Alisha’s twin sons Xander and Royal were diagnosed with autism when they were 4 years old. Today, they are 11 and thriving with the help of their devoted mom, behavioral therapists, and Dr. Andrew Martinez, a psychologist and program director at the Comprehensive Autism Program at The Children’s Hospital of San Antonio. We asked Alisha to share her experience through the following Q&A.  

When and how did you first find out about your children’s diagnosis?  I noticed significant delays in developmental milestones and behaviors with my twins at a very young age. Speech, smiling, eating, and drinking were minimal to nonexistent. They also displayed daily, repetitive unique, rhythmic mannerisms, motions, and patterns. Those were some of the cues that gave me enough concern to suspect the twins may have autism.

The love I had for my boys outweighed any fear I had of a diagnosis. Whatever it might be, I needed help and information. So I took the initiative to ask their primary care provider for an evaluation for autism spectrum disorder. Without pause, I received the referral for both boys to be seen and evaluated by Dr. Martinez. After testing, he confirmed the diagnosis. Both twins had autism. Each child was sitting at their own spot on the spectrum. They each had their own set of strengths, gifts, and challenges. That is where our journey began. 

As twins, Royal and Xander share everything including a diagnosis of autism. Both boys now thrive with the help of Applied Behavioral Analysis therapy.

Describe your treatment plan. Why did you choose this treatment plan?    Royal and Xander both receive one-on-one Applied Behavioral Analysis (ABA) therapy. I chose this specialized therapy because they each have a personalized treatment plan specifically outlined for them. The goals for my children are carefully planned and written out by a program manager, then reviewed and approved by their doctor. My input as an involved parent is always incorporated into their treatment. ABA therapy can be hard, it is work, but that is precisely why I wanted my boys to have it. ABA therapy is the gold standard of care for any child on the autism spectrum. The payoff has been incredible for our family. 

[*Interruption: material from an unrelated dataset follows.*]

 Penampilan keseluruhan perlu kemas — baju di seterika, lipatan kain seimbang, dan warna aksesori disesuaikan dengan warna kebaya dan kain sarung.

Dr. Andrew Martinez is the Autism Program Director at The Children’s Hospital of San Antonio. He provided the evaluation and diagnosis of autism for Xander and Royal when they were 4 years old.

What has your experience been like with The Children’s Hospital of San Antonio Autism Program? My experience at the CHofSA Autism Clinic has been nothing but positive, informative, and helpful.  Royal and Xander are almost 11 years old now. It is hard to put into words the change in my boys since they have been in care. There have been remarkable improvements all the way around. Speech. Behavior. Demeanor. Understanding. Social interaction. Everything. Had I not reached out to the clinic for help, none of this would have been possible. 

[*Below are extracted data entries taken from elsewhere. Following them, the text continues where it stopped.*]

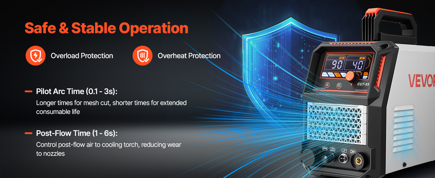 Táto plazmová rezačka IGBT kombinuje silný výkon, inteligentné ovládanie a zvýšenú bezpečnosť na zabezpečenie efektívneho, presného a bezpečného rezania - ideálna na domáce opravy aj do dielne.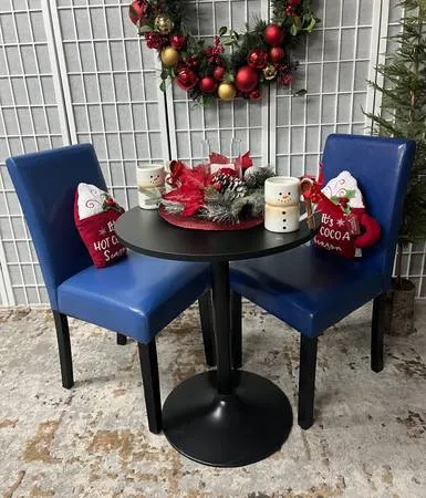 Little Black Table 24 x 30 and 2 NEW Blue Chairs. Great for an Apartment or small space $100 Cash only Call or text 775-378-8162 located off of Sparks Blvd/Baring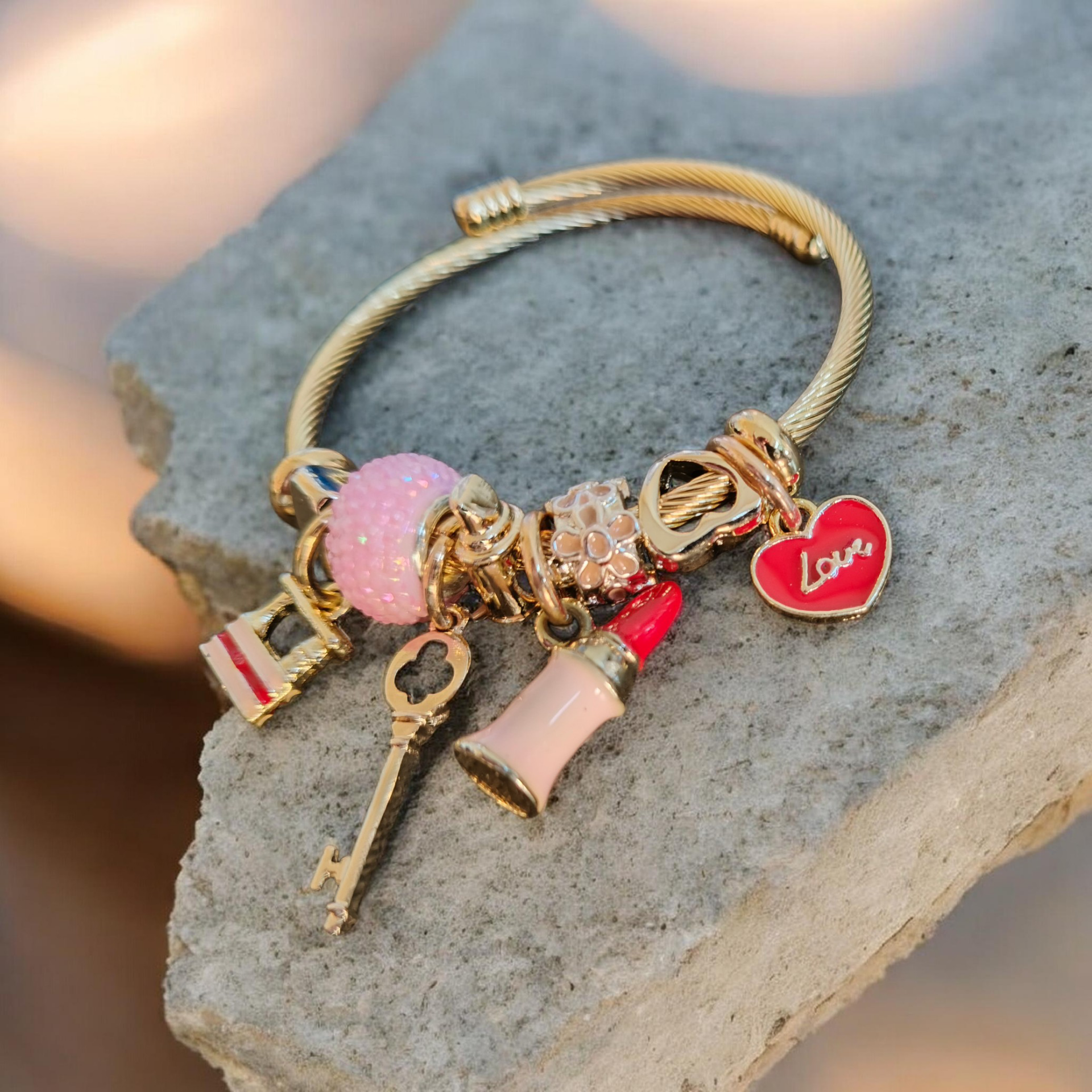 Dit luxe charm‑armbandje is een echte eyecatcher. De combinatie van elegante gouden accenten, speelse bedels en subtiele kleurdetails geeft het een stijlvolle, high‑end uitstraling. Elk bedeltje vertelt zijn eigen verhaal — van liefde tot glamour — waardoor dit armbandje jouw look een persoonlijke, chique touch geeft.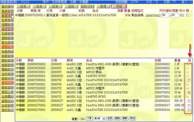 - 當挑選表展開後,直接在右側「挑」這個勾選項上打勾即可加入該筆,成為標籤列印資訊(下圖紅色箭頭處)。

What would you tell other families who have just received a diagnosis?   When my little twins were officially diagnosed, I was confused, frustrated, and scared. You may be feeling all of this and much more. Try to take comfort in knowing this. Now that you know, you can do something about it. There is so much power in information! The help, peace, and clarity you are seeking for yourself all come with this diagnosis. The number of helpful resources available to you and your family is endless. The heights your child can reach are limitless. The love and support your child receives at home counts more than anything else.  

Alisha was overwhelmed with fear when she first received a diagnosis that her twin sons were autistic. But along with the diagnosis she received information and resources that put the boys on track to learn and develop.

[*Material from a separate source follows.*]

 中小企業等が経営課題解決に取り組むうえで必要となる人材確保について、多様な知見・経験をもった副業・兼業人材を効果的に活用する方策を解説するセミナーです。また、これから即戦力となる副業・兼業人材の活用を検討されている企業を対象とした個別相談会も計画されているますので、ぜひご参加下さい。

 Anything else you would like to add?   The love I have for Royal and Xander is boundless. That is why I will always be their voice and their most fierce advocate. In all things, I have been and will continue to be the voice for other children and families in need of a helping hand as well. Royal and Xander are not only twin brothers. They are best friends. Where one is weak, the other is strong. Most importantly, they both know Mama is right there to pick up any slack when necessary. 

If you need more information about autism, talk to your child’s pediatrician and request a referral for an autism evaluation.